What the task asks
For each entry, repeat the text exactly and omit any picture it holds.

Exercise data
================================

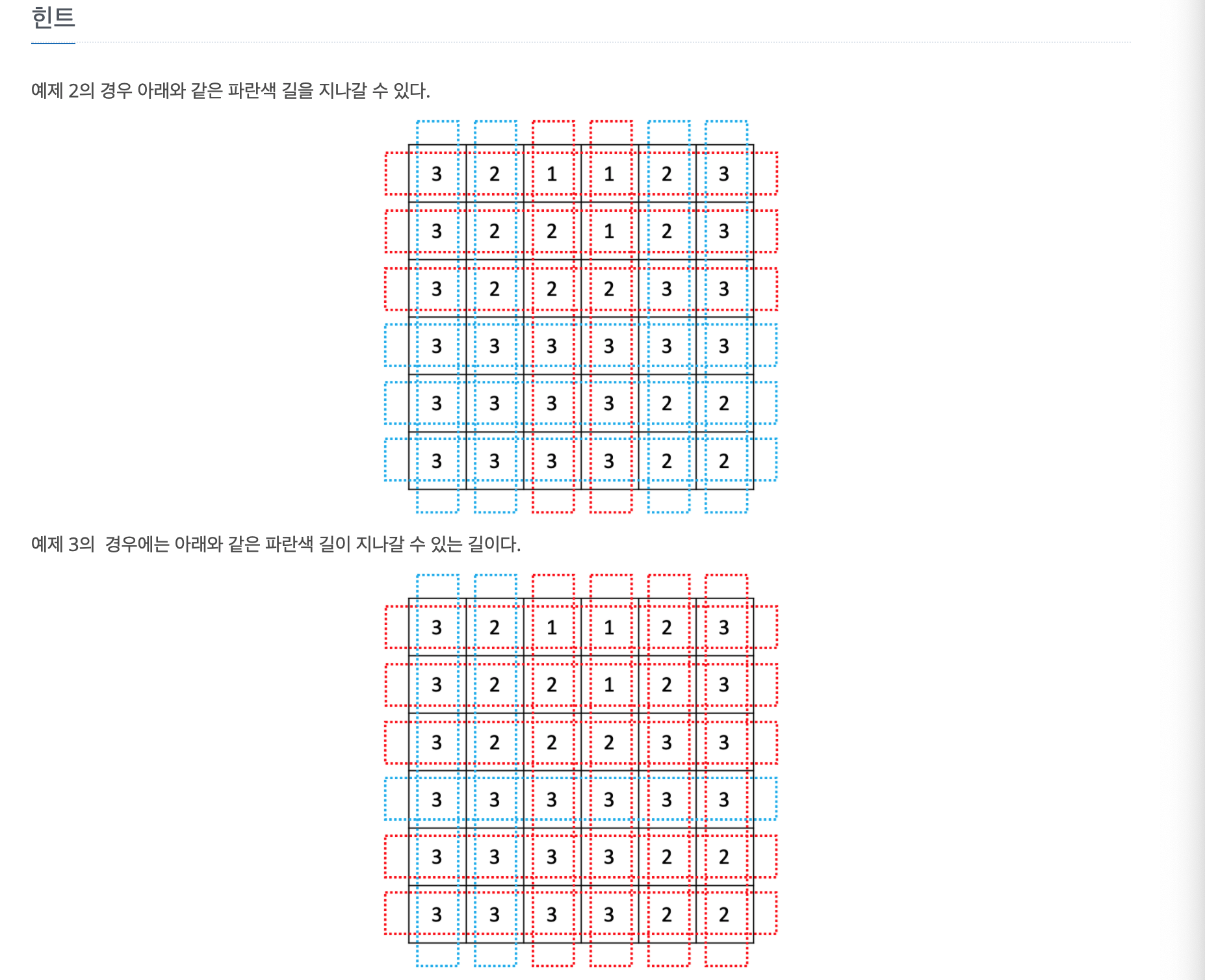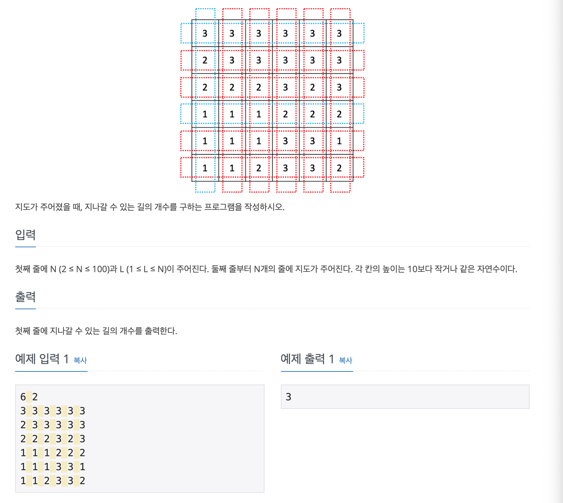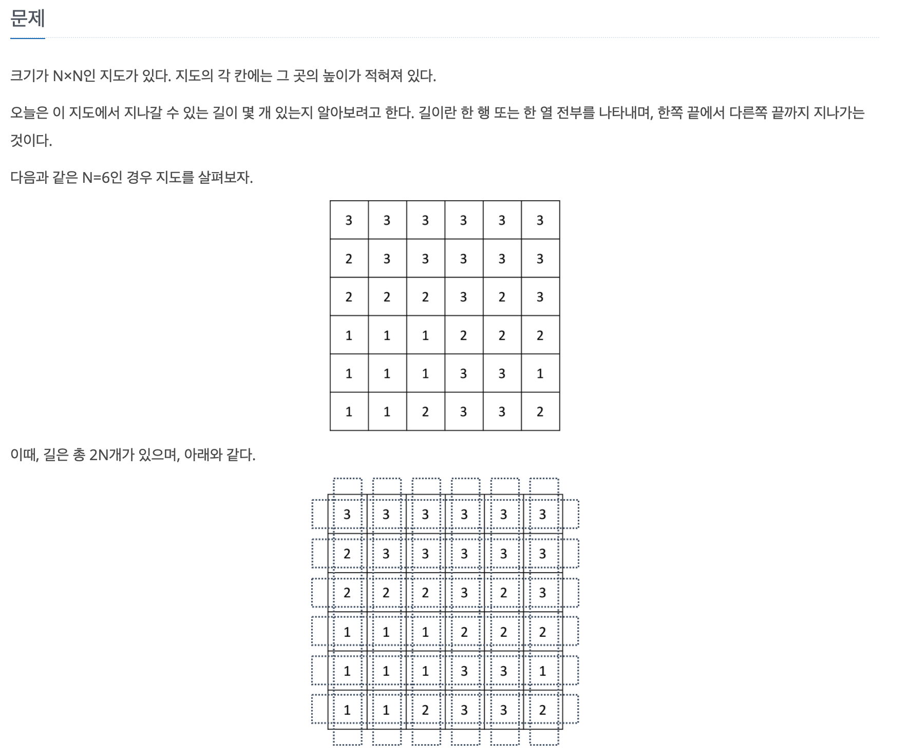 문제에서 길은 행 단위로 N개, 열 단위로 N개 존재해 총 2N개의 길을 검사해야 한다. 따라서 행 단위로 먼저 0행부터 N-1행까지 각 길이 지나갈 수 있는지를 확인하고, 이후 열 단위로 0열부터 N-1열까지 각 길이 지나갈 수 있는지 검사하도록 코드를 작성했다.
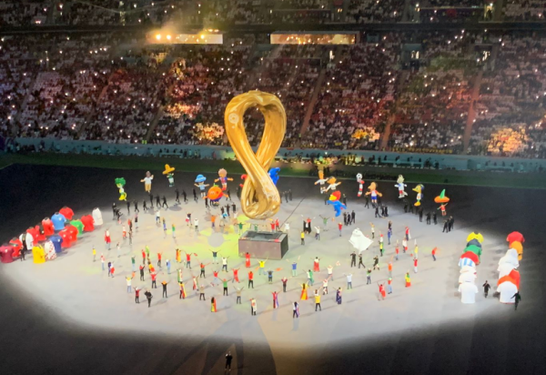 Na sequência, ocorreram o desfile das 32 bandeiras das seleções participantes do torneio, os uniformes dos times e os mascotes das Copas passadas também foram apresentados. É claro que o mascote dessa edição, o La'eeb, que significa jogador super habilidoso, desenvolvido a partir de lenços de cabeça bem típicos da cultura árabe, também fez muito sucesso.
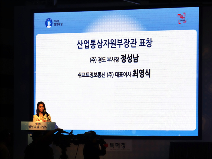 - 내용 : 2015년 05월 19일 코엑스에서 열린 제 50회 발명의 날 기념식 행사에서 경도그룹 정성남 부사장이 산업통상자원부장관 표창을 받았습니다. '발명 50년, 창조 한국을 열어갑니다.'라는 주제로 열린 오늘 기념식에는 최경환 국무총리 직무대행을 비롯해 발명, 특허 유관 단체 등 600여명이 참석했습니다.
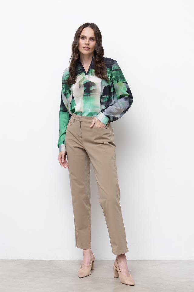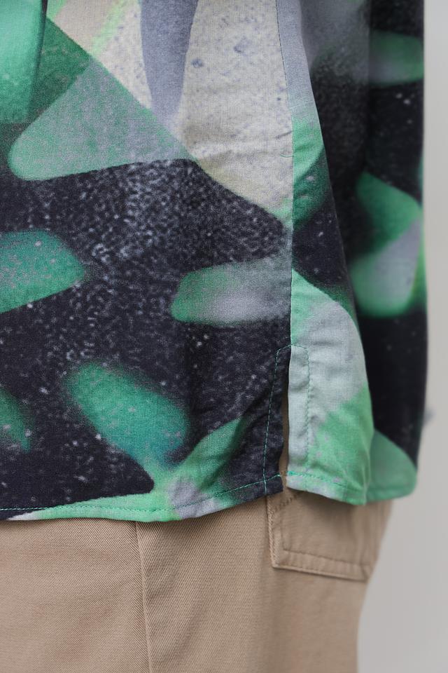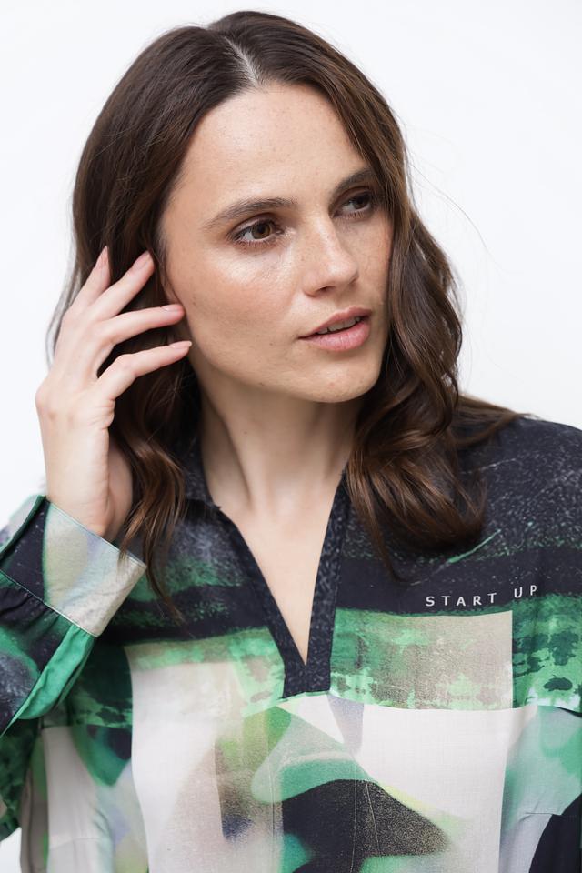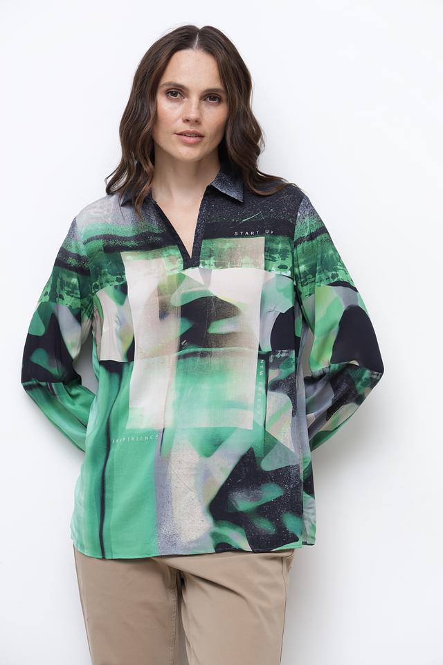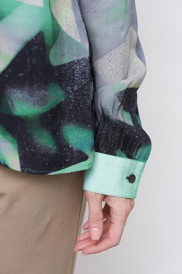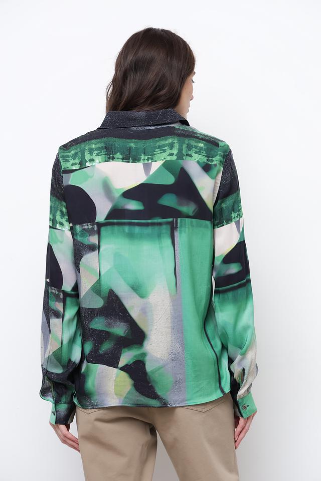 Блуза имеет свободный крой, длинные рукава и классический воротник. Главная особенность модели – яркий абстрактный принт, сочетающий в себе различные оттенки зеленого, черного и белого. Такой рисунок добавит образу оригинальности и индивидуальности.
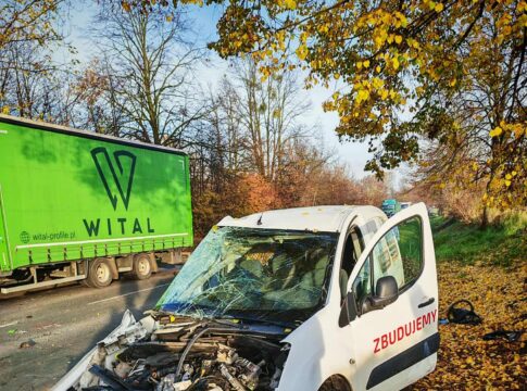 Zderzenie czołowe dwóch pojazdów. Jeden z kierujących w stanie ciężkim
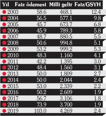 Çünkü, son 10 yılın faiz harcamalarının milli gelire oranının ortalaması 2.9... 2019'da ise bu oran 2.4.

================================

Answer for this exercise
 문제에서 길은 행 단위로 N개, 열 단위로 N개 존재해 총 2N개의 길을 검사해야 한다. 따라서 행 단위로 먼저 0행부터 N-1행까지 각 길이 지나갈 수 있는지를 확인하고, 이후 열 단위로 0열부터 N-1열까지 각 길이 지나갈 수 있는지 검사하도록 코드를 작성했다.
 Na sequência, ocorreram o desfile das 32 bandeiras das seleções participantes do torneio, os uniformes dos times e os mascotes das Copas passadas também foram apresentados. É claro que o mascote dessa edição, o La'eeb, que significa jogador super habilidoso, desenvolvido a partir de lenços de cabeça bem típicos da cultura árabe, também fez muito sucesso.
 - 내용 : 2015년 05월 19일 코엑스에서 열린 제 50회 발명의 날 기념식 행사에서 경도그룹 정성남 부사장이 산업통상자원부장관 표창을 받았습니다. '발명 50년, 창조 한국을 열어갑니다.'라는 주제로 열린 오늘 기념식에는 최경환 국무총리 직무대행을 비롯해 발명, 특허 유관 단체 등 600여명이 참석했습니다.
 Блуза имеет свободный крой, длинные рукава и классический воротник. Главная особенность модели – яркий абстрактный принт, сочетающий в себе различные оттенки зеленого, черного и белого. Такой рисунок добавит образу оригинальности и индивидуальности.
 Zderzenie czołowe dwóch pojazdów. Jeden z kierujących w stanie ciężkim
 Çünkü, son 10 yılın faiz harcamalarının milli gelire oranının ortalaması 2.9... 2019'da ise bu oran 2.4.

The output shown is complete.